------ DATA

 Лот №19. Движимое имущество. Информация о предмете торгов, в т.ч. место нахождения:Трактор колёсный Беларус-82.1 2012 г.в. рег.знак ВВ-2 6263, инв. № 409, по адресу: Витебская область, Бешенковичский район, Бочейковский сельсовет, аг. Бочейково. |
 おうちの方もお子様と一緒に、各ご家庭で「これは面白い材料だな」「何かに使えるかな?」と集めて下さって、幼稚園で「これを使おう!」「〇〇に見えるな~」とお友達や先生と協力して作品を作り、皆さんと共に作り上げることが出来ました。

------------
------ DATA

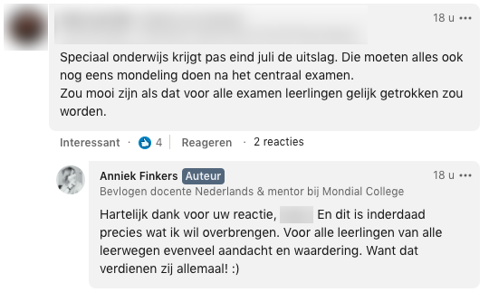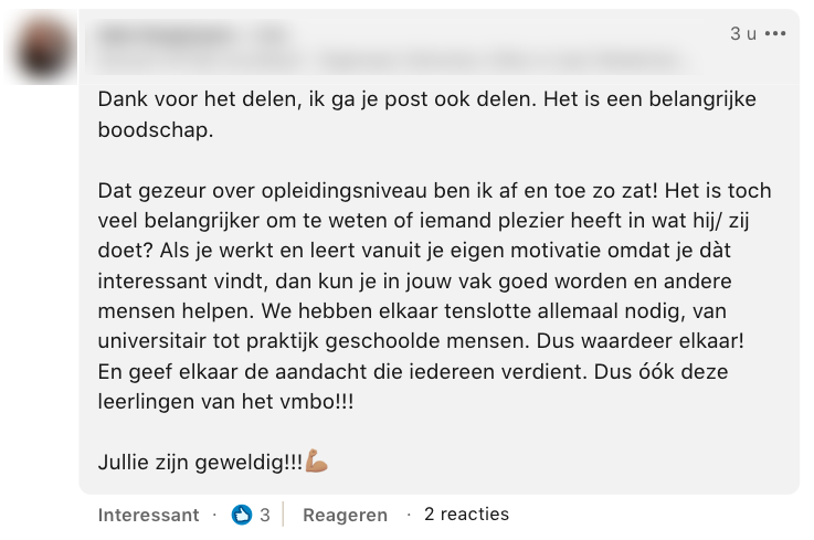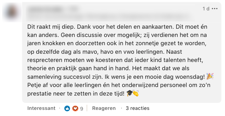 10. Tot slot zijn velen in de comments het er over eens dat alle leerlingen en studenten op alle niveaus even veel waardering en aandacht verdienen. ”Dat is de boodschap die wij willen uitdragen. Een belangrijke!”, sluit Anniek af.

------------
------ DATA

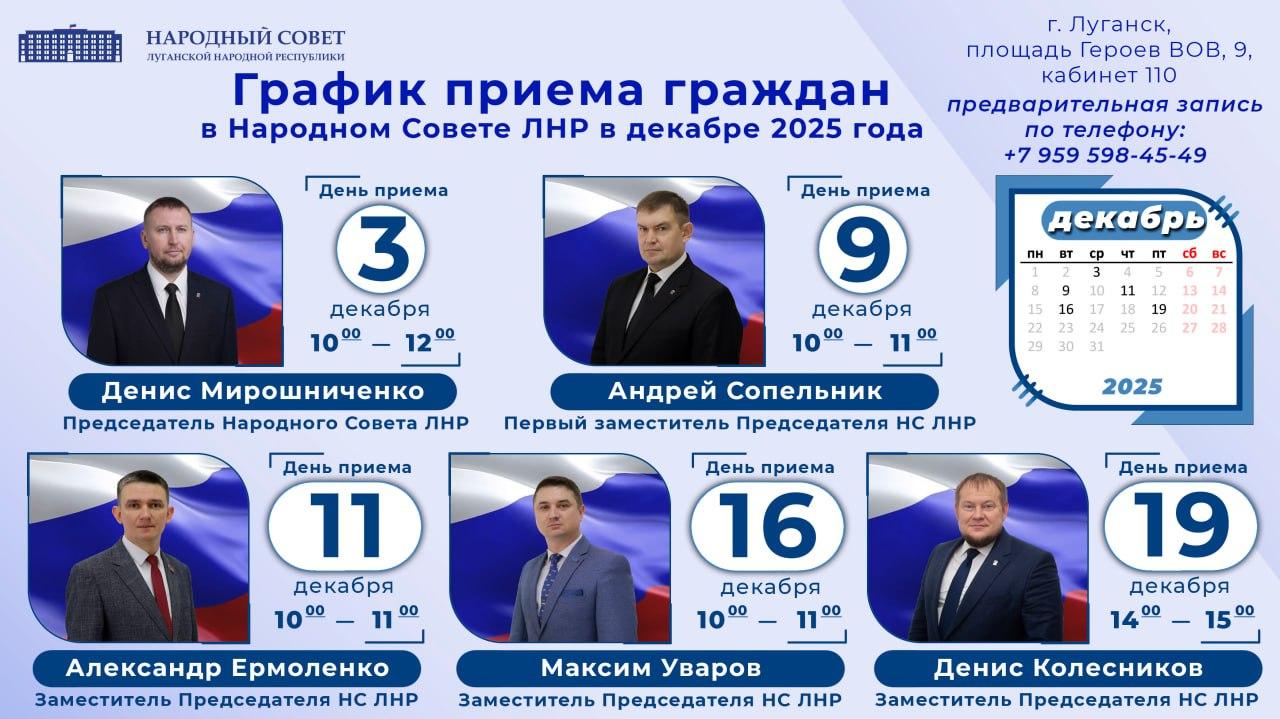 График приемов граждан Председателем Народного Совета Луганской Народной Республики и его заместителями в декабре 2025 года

------------

▶ [ASSIGNED TASK]:
Taking the entries above, write out exactly the lines starting with the line containing "Лот №19. Движимое" and going on through the line containing "おうちの方もお子様と一緒に、", both included, and nothing else.

▶ [REPLY]:
 Лот №19. Движимое имущество. Информация о предмете торгов, в т.ч. место нахождения:Трактор колёсный Беларус-82.1 2012 г.в. рег.знак ВВ-2 6263, инв. № 409, по адресу: Витебская область, Бешенковичский район, Бочейковский сельсовет, аг. Бочейково. |
 おうちの方もお子様と一緒に、各ご家庭で「これは面白い材料だな」「何かに使えるかな?」と集めて下さって、幼稚園で「これを使おう!」「〇〇に見えるな~」とお友達や先生と協力して作品を作り、皆さんと共に作り上げることが出来ました。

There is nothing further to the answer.